To do: For the material below, the expected output is exactly the lines between the line holding "Dalam kesempatannya, Kapolsek" and the line holding "Summer Spaghetti Strap", inclusive, with pictures left out.

Records:
+ + + + +

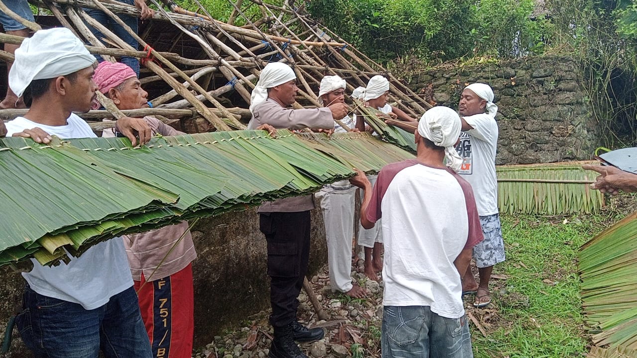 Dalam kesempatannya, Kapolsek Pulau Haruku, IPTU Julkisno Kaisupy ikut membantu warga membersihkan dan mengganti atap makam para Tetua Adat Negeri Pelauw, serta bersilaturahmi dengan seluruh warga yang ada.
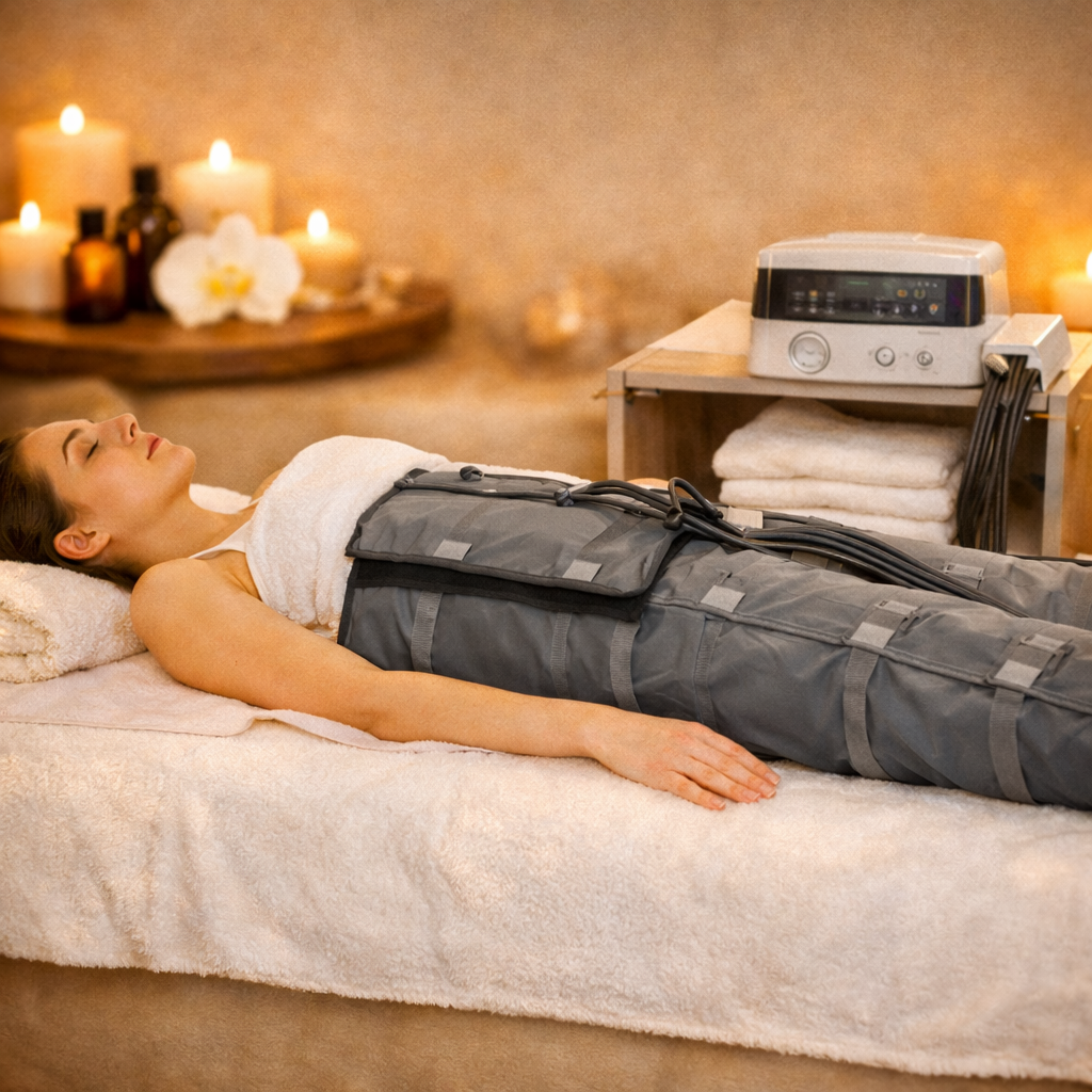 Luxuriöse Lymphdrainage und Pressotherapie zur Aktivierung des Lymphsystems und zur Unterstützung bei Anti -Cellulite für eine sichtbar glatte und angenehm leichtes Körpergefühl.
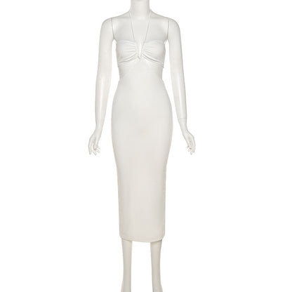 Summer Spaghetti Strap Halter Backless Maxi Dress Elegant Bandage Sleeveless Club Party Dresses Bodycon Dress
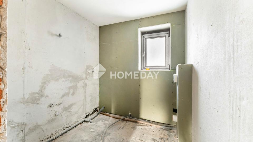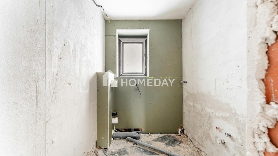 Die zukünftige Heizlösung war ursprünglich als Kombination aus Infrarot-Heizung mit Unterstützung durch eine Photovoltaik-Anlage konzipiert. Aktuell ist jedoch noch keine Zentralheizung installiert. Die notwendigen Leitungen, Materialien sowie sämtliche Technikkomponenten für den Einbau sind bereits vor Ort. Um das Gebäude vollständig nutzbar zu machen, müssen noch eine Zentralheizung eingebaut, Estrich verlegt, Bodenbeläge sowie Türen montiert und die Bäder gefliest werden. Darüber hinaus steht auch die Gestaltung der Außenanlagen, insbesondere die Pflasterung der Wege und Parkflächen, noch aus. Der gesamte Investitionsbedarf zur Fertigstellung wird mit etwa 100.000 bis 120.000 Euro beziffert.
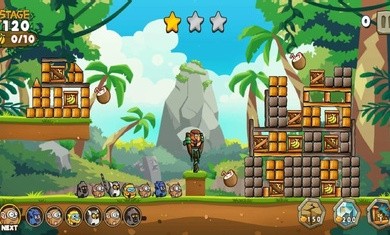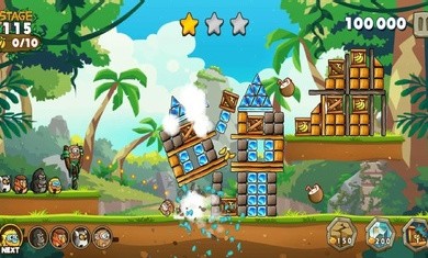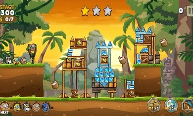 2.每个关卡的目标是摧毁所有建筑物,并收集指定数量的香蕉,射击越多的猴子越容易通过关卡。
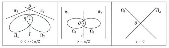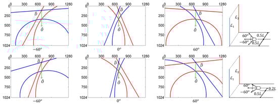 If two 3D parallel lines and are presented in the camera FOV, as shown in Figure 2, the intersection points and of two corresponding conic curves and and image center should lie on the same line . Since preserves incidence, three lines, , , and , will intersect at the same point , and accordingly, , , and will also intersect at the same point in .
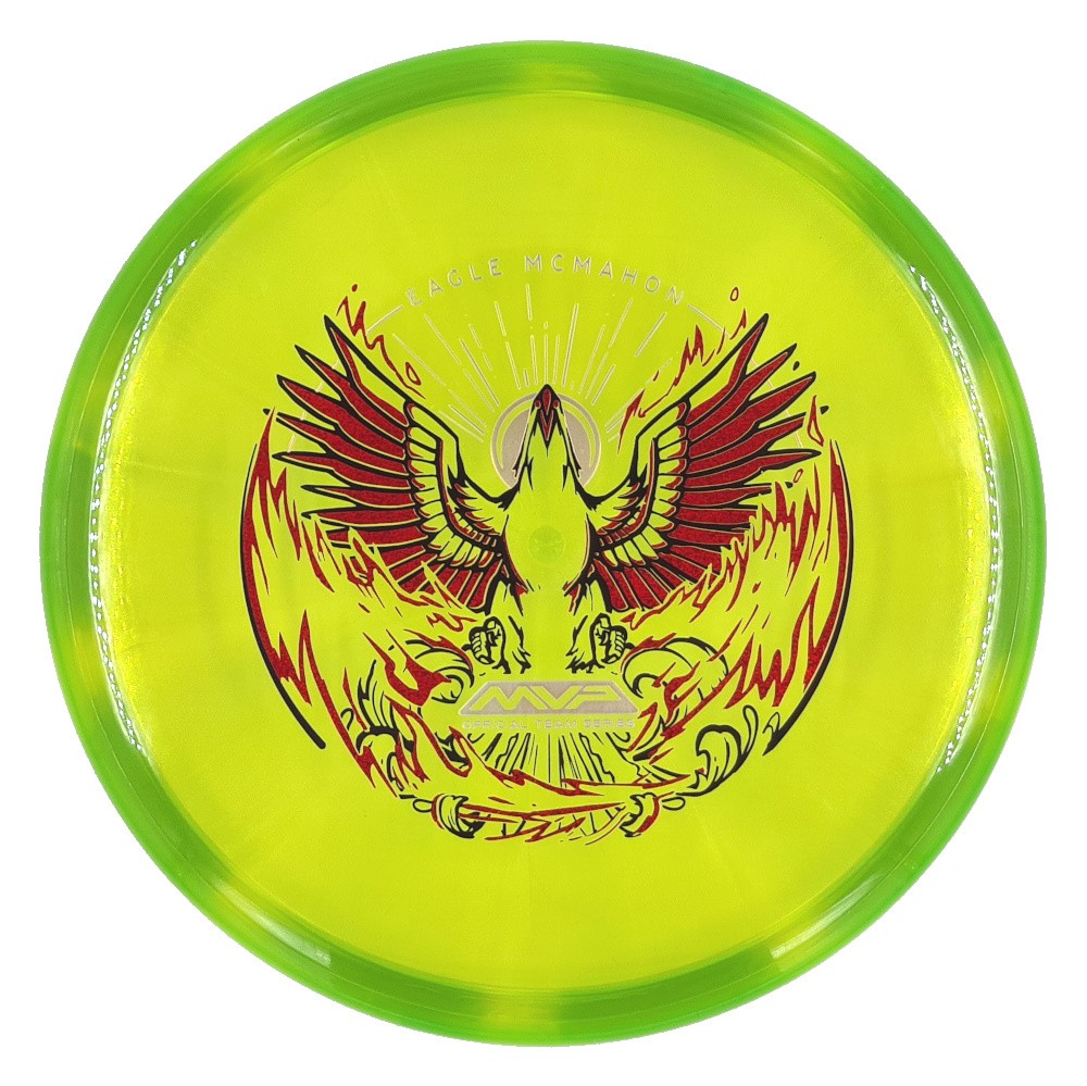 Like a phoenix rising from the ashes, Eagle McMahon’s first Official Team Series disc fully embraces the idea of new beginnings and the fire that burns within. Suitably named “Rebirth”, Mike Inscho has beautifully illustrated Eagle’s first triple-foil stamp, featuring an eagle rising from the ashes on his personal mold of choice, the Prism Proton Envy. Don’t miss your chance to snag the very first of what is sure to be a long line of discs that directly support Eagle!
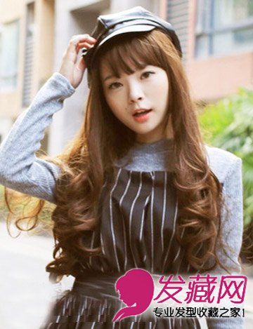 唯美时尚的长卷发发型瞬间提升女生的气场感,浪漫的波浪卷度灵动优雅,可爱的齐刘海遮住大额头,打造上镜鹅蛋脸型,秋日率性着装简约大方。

+ + + + +

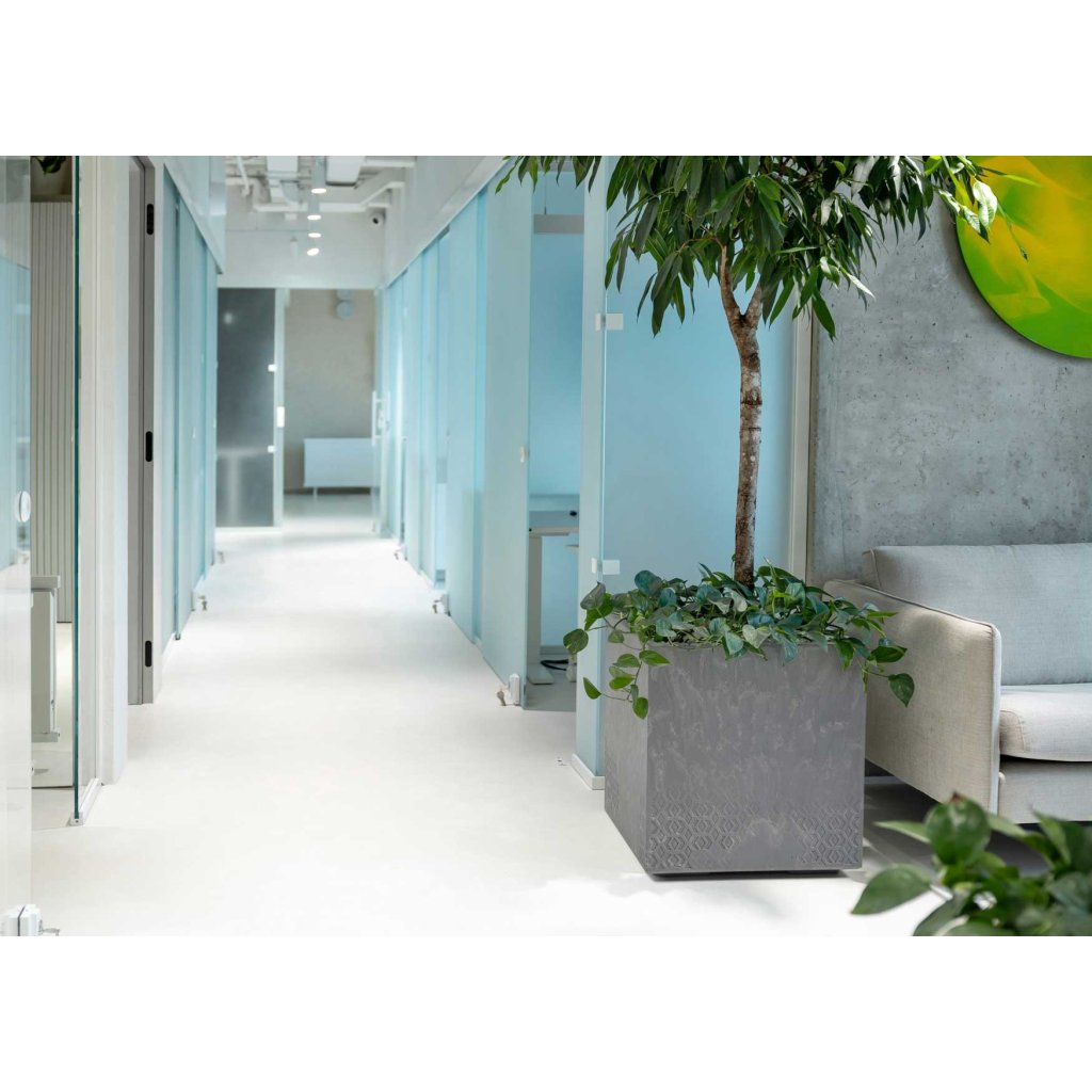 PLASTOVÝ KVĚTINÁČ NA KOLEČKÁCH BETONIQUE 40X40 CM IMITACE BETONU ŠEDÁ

+ + + + +

Solution for this task:
 Dalam kesempatannya, Kapolsek Pulau Haruku, IPTU Julkisno Kaisupy ikut membantu warga membersihkan dan mengganti atap makam para Tetua Adat Negeri Pelauw, serta bersilaturahmi dengan seluruh warga yang ada.
 Luxuriöse Lymphdrainage und Pressotherapie zur Aktivierung des Lymphsystems und zur Unterstützung bei Anti -Cellulite für eine sichtbar glatte und angenehm leichtes Körpergefühl.
 Summer Spaghetti Strap Halter Backless Maxi Dress Elegant Bandage Sleeveless Club Party Dresses Bodycon Dress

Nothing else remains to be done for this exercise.